Mirkovich plans to retire and will stay on with the authority until March 31 to assist his replacement.

“He’s done an excellent job, and I would like to see him stay,” Marcia Sonneborn, chairman of the authority board, said. “He’s put in motion a lot of good projects, and I would have liked to see them moved further along before we had to find a new director.”

Mirkovich served as the authority’s executive director since May 2012 and was the first full-time director hired by the authority after it was reactivated in 2009. He also remained the authority’s only employee.

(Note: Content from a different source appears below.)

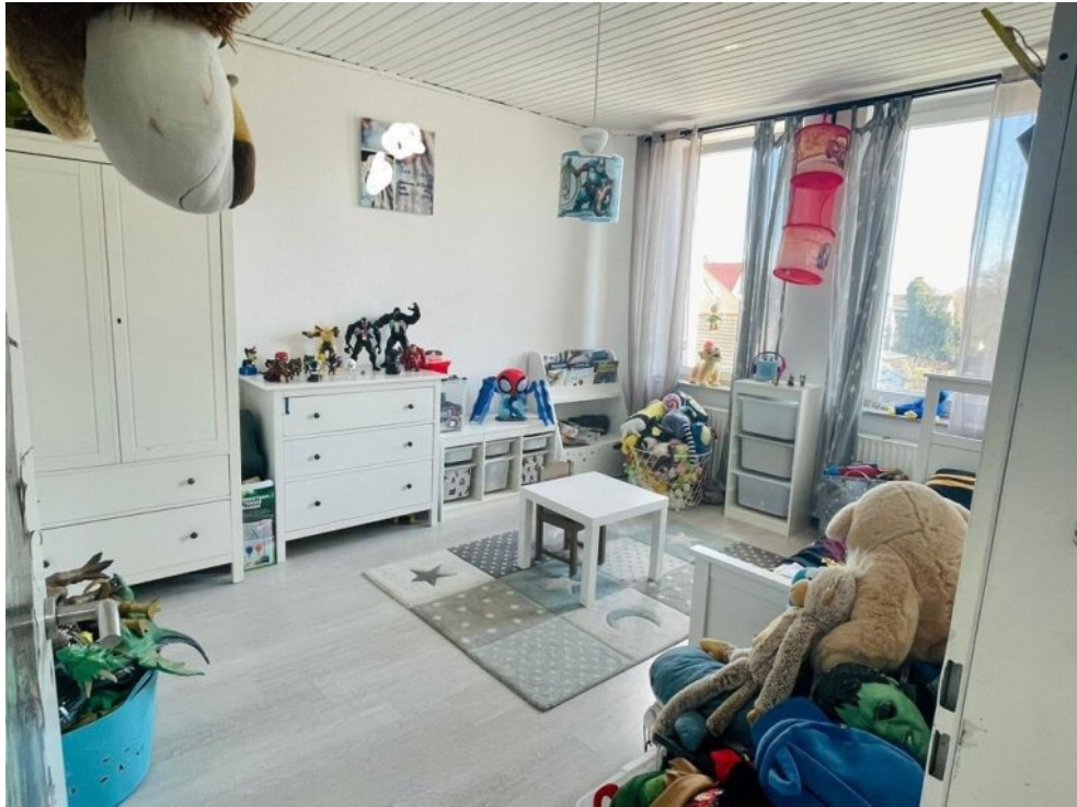
Schlafzimmer 1 OG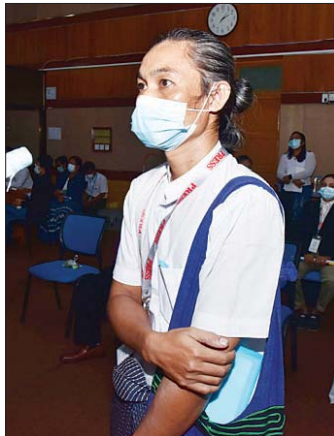
နောင်တော်လေး Myanmar National Post

တုံ့ပြောမီဒီယာမှ အယ်ဒီတာချုပ် ဦးဇော်မင်းဦး က ၂၀၁၀ ရွေးကောက်ပွဲအပြီး သမ္မတကြီး ဦးသိန်းစိန် က နိုင်ငံတော်သမ္မတတာဝန် ထမ်းဆောင်ခဲ့ကြောင်း၊ အလားတူ ၂၀၁၅ ရွေးကောက်ပွဲအပြီးတွင် သမ္မတ ဦးထင်ကျော်က နိုင်ငံတော်သမ္မတ တာဝန်ယူခဲ့ကြောင်း၊ ဖွဲ့စည်းပုံအခြေခံဥပဒေတွင် နိုင်ငံတော် သမ္မတသော်လည်းကောင်း၊ ဒုတိယသမ္မတ သော်လည်းကောင်း တစ်ဦးတစ်ယောက် အနားယူခဲ့လျှင် ရက်ပေါင်း ၃၀ အတွင်း လစ်လပ်သည့်နေရာ အား ပြန်လည်ရွေးချယ်ရမည်ဟုပါရှိကြောင်း၊ ထိုသို့ဆိုလျှင် သမ္မတနေရာအား ဒုတိယသမ္မတ(၁) ဦးမြင့်ဆွေမှ အတ္တတာဝန်ထမ်းဆောင်ပြီး ဒုတိယ သမ္မတ(၂)မှ ဒုတိယသမ္မတ(၁) နေရာအား ထမ်းဆောင်ရကြောင်း၊ ထို့ကြောင့်လစ်လပ်သွား သည့်မှာ ဒုတိယသမ္မတ(၂)နေရာဖြစ်ကြောင်း၊ အမှန်တကယ်ရွေးချယ်ရာတွင် ဒုတိယသမ္မတများ အားလုံးအထဲမှ မဲပေးသည့်စနစ်ဖြင့် ရွေးချယ်ခဲ့ ကြောင်း၊ ဒုတိယသမ္မတ(၁)ဖြစ်သည့် ဦးမြင့်ဆွေ သည် ဒုတိယသမ္မတ (၂)ဖြစ်သွားခဲ့ပါက ပြောစရာ ဖြစ်လာနိုင်ကြောင်း၊ ထို့ကြောင့် ယခုလအတွက် ရွေးကောက်ပွဲအပြီးတွင် ယင်းကိစ္စများနှင့် ပတ်သက် ပြီး ပြန်လည်ပြင်ဆင်ပေးရန် အစီအစဉ် ရှိ/မရှိ

The authority earlier established as its primary focus on improving housing and addressing the county’s housing shortage and Mirkovich developed a housing program and obtained grant money to fund it.

The authority, under Mirkovich, received two competitive grants from the Pennsylvania Housing Affordability and Rehabilitation Enhancement Act program, for a total of $846,000, to fund a project aimed at addressing blighted properties.

The grant money, plus contributions from the county and municipalities, are being used to rehabilitate vacant and dilapidated houses and to demolish houses that are too far gone to provide lots for new home construction.

Under the program, the authority, so far, rehabilitated one house in Bobtown using an inmate work crew from the state Correctional Institution at Greene for labor. The house, which was on the tax rolls for a number of years, was recently sold.

It also demolished two blighted houses in Waynesburg, obtained four lots on which it intends to construct new modular homes and demolished two dilapidated houses in Jefferson to provide land on which the nonprofit Accessible Dreams will construct a two-story, four-unit apartment building.

“I enjoy what I’m doing here, though there is always a lot more that needs to be accomplished,” Mirkovich said.

He said he does feel good, however, about what he will leave the next authority director. The next director will have a housing program in place to execute and about $1 million in the bank to continue the effort, he said.

Mirkovich, 58, of Waynesburg retired from BNY Mellon, where he was a managing director, prior to coming to the authority. He said he plans to spend more time with his wife as well as visiting his three grown children.